Nice scenery, nice photos, but i'll still call Australia home sorry!


----------



## hojamohoho (Sep 8, 2003)

luckydog said:
			
		

> Nice scenery, nice photos, but i'll still call Australia home sorry!



Amen!


----------



## MsRaber (Sep 8, 2003)

Those are some great shots!!  I just need to win the lottery, so I can travel to all of these beautiful places...New Zealand, Australia...maybe someday.


----------



## wolfepakt (Sep 8, 2003)

Sorry but I will always be partial to the rocky mountians of Utah, Wyoming and Colorado.

WolfePak


----------



## Jeff Canes (Sep 8, 2003)

i like them all, but 1 and 4 the best, also that is #2

Funny thing is that I watched LOTR2 late week and thought I need to go to New Zealand someday and now your photos, it on my list of places to go now


----------



## vonnagy (Sep 8, 2003)

Cheers all,

Thanks for your replies and feedback (even if you are aussies   , just kiddin of course - l love oz too). Its great to hear you comments and any criticism is welcome as well, as i am always looking to improve my craft   

just a quick note about where the photos are:
1. Can't recall the exact name of falls, but it was supposedly filmed where
gollum was swimming in the Lord of the rings. This is near Whakapapa ski resort.
2. This  is a crater near hell's gate, Rotoroa
3. Mt. Doom to LOTR fans, or Ngauruhoe in the local tongue
4. Mt. Ruapehu, this is I believe where they filmed mordor in LOTR
5. Mt. Ngauruhoe again

Mark


----------



## caerlas (Sep 8, 2003)

Love #2

It's so unusual in color. Looks like somone hacked into the earth and the muscle is exposed.

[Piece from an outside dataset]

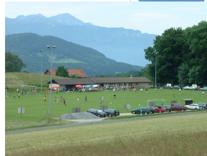
Savigny - St-Amour

Like #5 as well. Very dreamy. Though it could also look like it was a poor white balancing job with all that blue. Would be different if you caught it at dusk but that's not alwaysan option.


----------



## hojamohoho (Sep 8, 2003)

I'd have to say that they are all pretty good shots... just a few suggestions... 

#1 - pretty good

#2 - Loverly scenery, just to much sky, i would have prefered half the sky you have at the moment and more od that lovely crater/valley

#3 - awesome shot, only the sky (top left) and clouds are a little blown out

#4 - This time i would have gone for less foreground and more sky (to much 'dead' space - the black down the bottom)

#5 - probably a difficult one to get, but again the sky and clouds are blown out (perhaps the use of a graduated ND?)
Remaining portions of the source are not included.